Hace pocos años se anunció el descifrado del genoma de nuestra especie y, en ese instante, la ciencia comenzó a conocer la fórmula para crear a un ser humano, demostrándonos con ello que toda evolución de la vida ha partido de una misma materia, aún existiendo sobre ello diversas incógnitas. A saber:
¿Por qué si los genes de la mosca del vinagre coinciden en un 60 por ciento con los de la especie humana, existe tanta diferencia? ¿Dónde se halla el punto exacto en el que se evolucionó al principio de los tiempos hacia un humano, un mono o un ratón?
Otras interrogaciones: ¿Cuáles son los genes directos de la inteligencia y qué pasará si, una vez identificados, se les incorporan a otras especies? ¿Desarrollarán capacidades intelectuales?
Parecían faltar años para responder a esas cuestiones, aunque desde hoy no tanto. Es inequívoco y demostrable: el futuro siempre nos alcanza. Está ahí y debemos asimilarlo sin asombro, pues vendrán más realidades que nos dejarán lelos. Será como penetrar de la mano de Alicia en el País de las Maravillas, con la salvedad de que sus actos sorprendentes serán ciertos, no soñados.

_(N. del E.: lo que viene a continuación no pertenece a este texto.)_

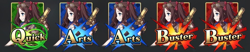 | ●味方単体のQuickカード性能をアップ[Lv](3T) ●Artsカード性能をアップ[Lv](3T) ●Busterカード性能をアップ[Lv](3T) |
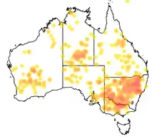 In Western Australia distribution covers the northern wheatbelt, the south-western interzone, the Murchison region, the Gibson desert and the Great Victoria desert.[7] In the Western Australian rangelands the species shows preference for Mulga woodland, while also choosing to inhabit Salmon Gum/Gimlet and York Gum woodlands.[7] In the semi-arid Mallee region of north-western Victoria inland broad-nosed bats show a preference for open woodland and dryland woodland habitats.[8] Other known occurrences in semi-arid regions in New South Wales are at Willundra Lakes and Kinchega National Park, along with Dangalli in South Australia.[8] In South Australia distribution in arid areas indicates a habitat preference for river red gums following surface drainage systems.[2]

Toda la historia humana está envuelta en matices asombrosos. ¿Quién le iba a decir a un monje austríaco de la Orden de los Agustinos, llamado Gregor Mendel, que sus inocentes experimentos con guisantes, iniciados en 1856 en el jardín del monasterio que habitara terminarían demostrando las leyes de la herencia?
Tal evento desencadenaría una revolución en el conocimiento y las formas de vida que conocemos ya en su totalidad.
No cabe duda, al decir en la zarzuela “La verbena de la Paloma”, con letra de Ricardo Vega y música de Tomás Bretón, algo muy indiscutible: “Las ciencias adelantan que es una barbaridad”.
La sopa primitiva de hace millones de años, en los albores del planeta Tierra, compuesta de un ácido y cuatro moléculas, aseguró la supervivencia, tras inmensos “experimentos”, de la vida, de toda ella, sin diferencia alguna como viene demostrándose con creces a cada paso de la omnisciencia integral.
Lo vivo y lo inanimado provienen de idéntico tronco. Un pedazo de carbón posee casi nuestras mismas moléculas. Lo dijo el filósofo: “No somos nada”, aunque no sea muy cierto.
Aún así, no seamos pesimistas, cada uno de esos asombrosos descubrimientos van salvando cada día mejor a nuestra especie, ya que cuando necesitemos sustituir el brazo enfermo, un corazón adolorido, unos ojos heridos por la luz, los conseguiremos en el gen de una mosca, un ratón o un guisante.
La ciencia seguirá avanzando si no emerge antes un alocado acto pavoroso de autodestrucción. Nuestra raza condescendiente podrá ser eterna tal vez, si bien la muerte liberadora llegará por aburrimiento, ya que suponemos que sería pavoroso coexistir un milenio o más.
Por lo pronto, en medio de estos conceptos científicos casi mágicos, sería bienhechor comenzar a ver los roedores como parte de la familia.